Loading from memory shows more differences:

# MIPS - base + offset addressing
lw $t0, 0($s0)     # load word from address in $s0

# ARM64 - square brackets for memory access
ldr x0, [x1]       # load 64-bit value
ldr w0, [x1]       # load 32-bit value

# x86-64 - also uses square brackets
mov rax, [rbx]     # load 64-bit value
mov eax, [rbx]     # load 32-bit value

Arithmetic

Addition is where you start seeing personality differences:

# MIPS - three-operand format (dst, src1, src2)
add $t0, $t1, $t2  # $t0 = $t1 + $t2

# ARM64 - same three-operand style
add x0, x1, x2     # x0 = x1 + x2

# x86-64 - two-operand (dst is also first source)
add rax, rbx       # rax = rax + rbx

x86’s two-operand format means it destroys one of its inputs. This seems limiting, but it makes the instruction encoding more compact. Classic CISC trade-off.

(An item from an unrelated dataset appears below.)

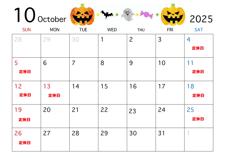 10月の定休日のお知らせです! スタッドレスタイヤの準備はおはやめに(*'▽')
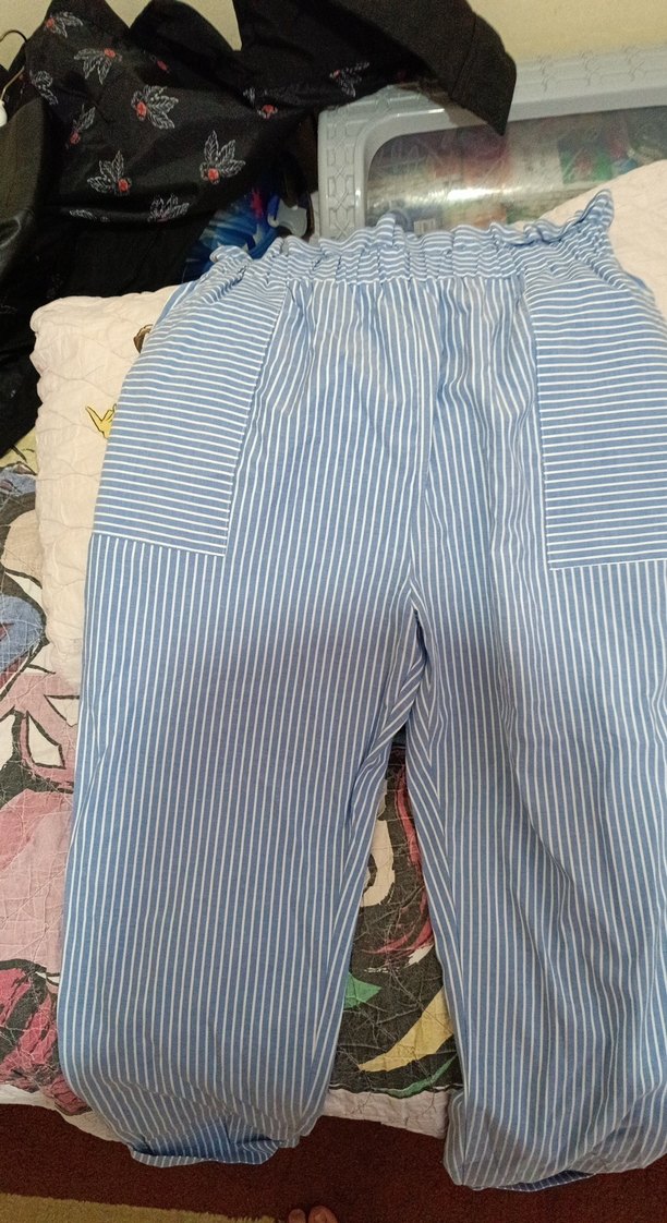 Mavi çizgili, pilili pamuk kadın pantolonu. Normal kesim ve rahat bir günlük stil için uygundur. göründüğü gibi hiç kusuru yoktur

Division shows how different these architectures really are:

# MIPS - puts quotient and remainder in special registers
div $t1, $t2       # Lo = quotient, Hi = remainder
mflo $t0           # move from Lo to $t0

# ARM64 - clean and simple
sdiv x0, x1, x2    # x0 = x1 / x2 (signed)
udiv x0, x1, x2    # unsigned version

# x86-64 - the dividend is in rdx:rax (128-bit value!)
xor rdx, rdx       # clear upper 64 bits
mov rax, 100       # dividend in rax
mov rbx, 7         # divisor
idiv rbx           # rax = quotient, rdx = remainder

x86’s division is weird because it’s designed for extended precision - you can divide a 128-bit number by a 64-bit number. This made sense in the 1970s when registers were precious, but today it’s just a quirk we live with.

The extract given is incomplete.